Maybe that just turns into the world’s slowest UDP network in existence. However, I think it has a real chance of making it easier to detect real people (i.e., folks that have a small number of overlapping addresses). The virtual mailbox the other person gave has 3,000 addresses… if you assume 5 people per mailing address is normal that’s 15,000 bots total before things start getting fishy if you’ve evenly distributed all of those addresses. If you’ve got 3,000 accounts at the same address, that’s very fishy. Addresses also change a lot less frequently than IP addresses, so a physical address ban is a much more strict deterrent.

Dark_Arc ,
@Dark_Arc@social.packetloss.gg avatar

Hm… I’m not sure if this is enough to defeat the strategy.

It looks like even with that service, you have to sign up for Form 1583.

Even if they’re willing in incur the cost, there’s a real paper trail pointing back to a real person or organization.
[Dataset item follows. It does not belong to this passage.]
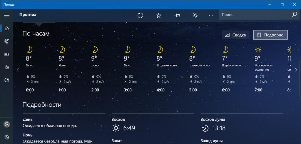 "Погода" от MS симпатичная, отображается нормально, прогноз на 9 дней, в т.ч. и почасовой, графики есть. Есть темная и светлая темы. Есть прошлогодняя погода, фазы луны, УФ-индекс, рекорды осадков и температуры, в общем, all inclusive. Вертикальная полоса прокрутки узковата, не знаю, удобно тачскрином двигать будет или нет, тестировал дома, т.к. в машине Win7. Все мелковато, не знаю, как в авто будет смотреться...
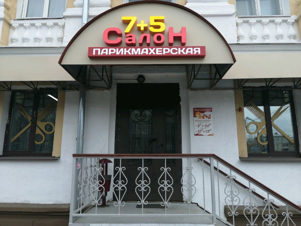 Парикмахерская находится в хорошем месте , после покупки квартиры в 2016 году стал вопрос куда ходить стричь волосы И так далее . Пробно зашла в 7+5 на Московском проспекте 61а. Так и хожу к одному мастеру Екатерине Сокова . Здесь стригут всех и маленьких детей тоже . Атмосфера здесь по дизайну желает лучшего, но все очень чисто и просто . Всегда девочки предложат чай. Самое главное качество работ и приятный ценник! Спасибо коллективу .

In other words, the bot operator can be identified.

As you note, this is yet another additional cost. So, you’d have say … $2-3 for the card + an address for the account. If you require every unique address to have no more than 1 account … that’s $13 per bot plus a paper trail to set everything up.
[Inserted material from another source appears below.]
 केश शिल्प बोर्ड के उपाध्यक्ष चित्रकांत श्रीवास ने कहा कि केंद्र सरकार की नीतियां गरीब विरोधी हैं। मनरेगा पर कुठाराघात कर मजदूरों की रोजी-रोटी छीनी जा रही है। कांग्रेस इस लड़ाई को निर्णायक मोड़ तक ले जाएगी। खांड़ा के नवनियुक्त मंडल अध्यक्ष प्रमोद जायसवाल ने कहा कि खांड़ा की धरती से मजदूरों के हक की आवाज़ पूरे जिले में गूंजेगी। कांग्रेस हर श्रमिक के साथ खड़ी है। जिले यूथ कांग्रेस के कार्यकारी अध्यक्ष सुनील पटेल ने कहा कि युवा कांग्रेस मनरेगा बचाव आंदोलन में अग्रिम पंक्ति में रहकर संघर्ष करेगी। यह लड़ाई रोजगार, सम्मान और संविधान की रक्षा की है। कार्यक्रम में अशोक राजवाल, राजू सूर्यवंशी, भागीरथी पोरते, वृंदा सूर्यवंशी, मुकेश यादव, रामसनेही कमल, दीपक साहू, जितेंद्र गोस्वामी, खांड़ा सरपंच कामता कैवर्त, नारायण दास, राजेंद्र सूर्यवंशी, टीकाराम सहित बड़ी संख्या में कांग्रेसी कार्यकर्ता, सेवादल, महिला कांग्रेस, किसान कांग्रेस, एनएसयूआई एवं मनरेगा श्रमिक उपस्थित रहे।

That certainly wouldn’t stop every bot out there … but the chances of a large scale bot farms operating seem like they would be significantly deterred, no?

QuadratureSurfer ,
@QuadratureSurfer@lemmy.world avatar

That’s a good point. I didn’t know about the USPS Form 1583 for virtual mailboxes… Although that is a U.S. specific thing, so finding a similar service in a country that doesn’t care so much might be the way to go about that.

Dark_Arc ,
@Dark_Arc@social.packetloss.gg avatar

True, though presumably users in those places would be stuck with the “less trustworthy” instances (and ideally, would be able to get their local laws changed to make themselves more trust worthy).
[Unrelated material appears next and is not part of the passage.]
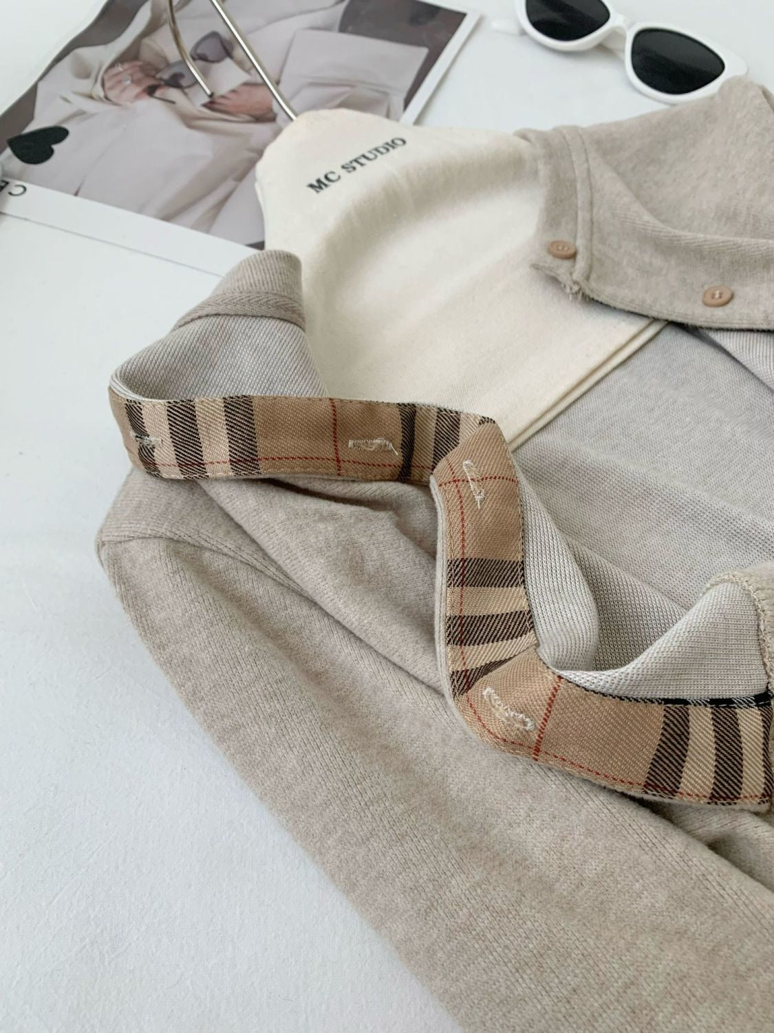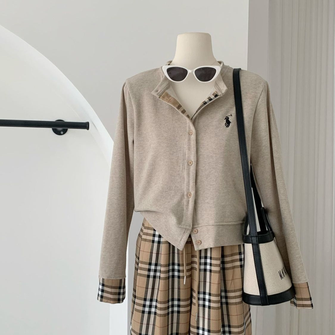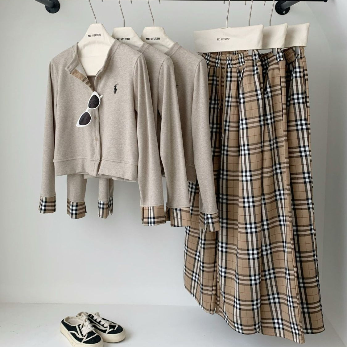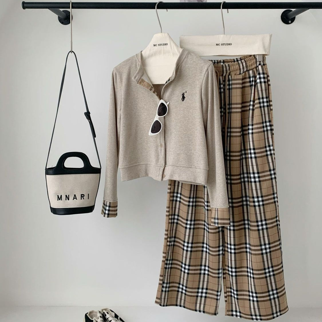 【Set】カーディガン+チェック柄パンツ2点セット T01431

It’s definitely not perfectly moral… but little in the world is and maybe it’s sufficient pragmatic.

QuadratureSurfer ,
@QuadratureSurfer@lemmy.world avatar

Yeah, the other thing I could see happening is a similar tactic used by scammers where they use Mules who pick up mail from various Airbnbs throughout whatever country, but this would definitely limit most bot operations… Unless some organization specializes in this and just offers some service to create a bunch of accounts for anyone willing to pay.

Also, how many accounts would you limit to a single address, and how long would you lock up an address before it could be used again (given that people do move around from time to time).

edit:typo.

Scribble902 ,

I was thinking physical mail too. But I think It definitely would require some sort of system that is either third party or government backed that annonomyses you like how the covid Bluetooth tracing system worked (stupidly called track and trace in the UK). Plus you’d have to interact with someone at a postal office to legitimise it. But I’m talking, just a worker at a counter.

So you’d get a one time unique annonomysed postal address. You go to a post office and hand your letter over to someone. You, and perhaps they, will not know the address, but the system will. Maybe a process which re-envelopes the letter down the line into a letter with the real address on.

This way, you’ve kept the server owner private and you’ve had to involve some form of person to person interaction meaning, not a bot!

This system could be used for all sorts of verification other than for socal media so may have enough incentive for governments/3rd partys to set up to use beyond that.

Could it be abused though and if how are there solutions to mitigate them?